Task item —
Only one stretch of the listing below is wanted: every line from the first to the line containing "Рис. 1. Тривимірна", set down exactly.

....................

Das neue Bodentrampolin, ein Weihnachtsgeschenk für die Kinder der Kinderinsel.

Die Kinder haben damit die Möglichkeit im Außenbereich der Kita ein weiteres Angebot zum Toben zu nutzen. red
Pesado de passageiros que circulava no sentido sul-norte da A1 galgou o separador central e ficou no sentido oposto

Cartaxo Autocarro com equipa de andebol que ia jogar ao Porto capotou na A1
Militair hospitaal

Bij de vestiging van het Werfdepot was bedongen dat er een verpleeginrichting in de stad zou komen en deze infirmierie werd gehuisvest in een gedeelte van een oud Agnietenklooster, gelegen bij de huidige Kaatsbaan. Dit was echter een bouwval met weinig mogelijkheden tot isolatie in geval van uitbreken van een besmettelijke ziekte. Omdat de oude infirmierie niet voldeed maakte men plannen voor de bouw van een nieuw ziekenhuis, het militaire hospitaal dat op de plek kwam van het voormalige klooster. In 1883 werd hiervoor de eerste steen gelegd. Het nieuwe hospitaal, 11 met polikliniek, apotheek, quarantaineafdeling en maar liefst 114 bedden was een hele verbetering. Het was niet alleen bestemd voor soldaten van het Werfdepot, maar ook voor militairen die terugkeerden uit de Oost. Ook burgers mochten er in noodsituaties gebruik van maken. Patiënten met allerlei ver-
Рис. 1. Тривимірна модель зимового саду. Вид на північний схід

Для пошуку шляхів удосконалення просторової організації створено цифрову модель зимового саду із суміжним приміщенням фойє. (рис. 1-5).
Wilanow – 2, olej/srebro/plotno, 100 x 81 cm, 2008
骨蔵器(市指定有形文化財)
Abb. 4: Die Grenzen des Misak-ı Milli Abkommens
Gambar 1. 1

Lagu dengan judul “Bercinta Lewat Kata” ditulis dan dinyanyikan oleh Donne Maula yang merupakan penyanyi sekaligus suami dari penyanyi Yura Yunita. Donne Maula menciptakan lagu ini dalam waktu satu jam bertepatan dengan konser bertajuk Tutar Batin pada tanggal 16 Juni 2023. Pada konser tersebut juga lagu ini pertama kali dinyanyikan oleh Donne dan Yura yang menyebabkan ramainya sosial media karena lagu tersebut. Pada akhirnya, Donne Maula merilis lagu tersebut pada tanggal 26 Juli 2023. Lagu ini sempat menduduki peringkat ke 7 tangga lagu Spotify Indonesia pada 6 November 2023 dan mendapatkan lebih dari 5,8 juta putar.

....................

Output for this task —
Das neue Bodentrampolin, ein Weihnachtsgeschenk für die Kinder der Kinderinsel.

Die Kinder haben damit die Möglichkeit im Außenbereich der Kita ein weiteres Angebot zum Toben zu nutzen. red
Pesado de passageiros que circulava no sentido sul-norte da A1 galgou o separador central e ficou no sentido oposto

Cartaxo Autocarro com equipa de andebol que ia jogar ao Porto capotou na A1
Militair hospitaal

Bij de vestiging van het Werfdepot was bedongen dat er een verpleeginrichting in de stad zou komen en deze infirmierie werd gehuisvest in een gedeelte van een oud Agnietenklooster, gelegen bij de huidige Kaatsbaan. Dit was echter een bouwval met weinig mogelijkheden tot isolatie in geval van uitbreken van een besmettelijke ziekte. Omdat de oude infirmierie niet voldeed maakte men plannen voor de bouw van een nieuw ziekenhuis, het militaire hospitaal dat op de plek kwam van het voormalige klooster. In 1883 werd hiervoor de eerste steen gelegd. Het nieuwe hospitaal, 11 met polikliniek, apotheek, quarantaineafdeling en maar liefst 114 bedden was een hele verbetering. Het was niet alleen bestemd voor soldaten van het Werfdepot, maar ook voor militairen die terugkeerden uit de Oost. Ook burgers mochten er in noodsituaties gebruik van maken. Patiënten met allerlei ver-
Рис. 1. Тривимірна модель зимового саду. Вид на північний схід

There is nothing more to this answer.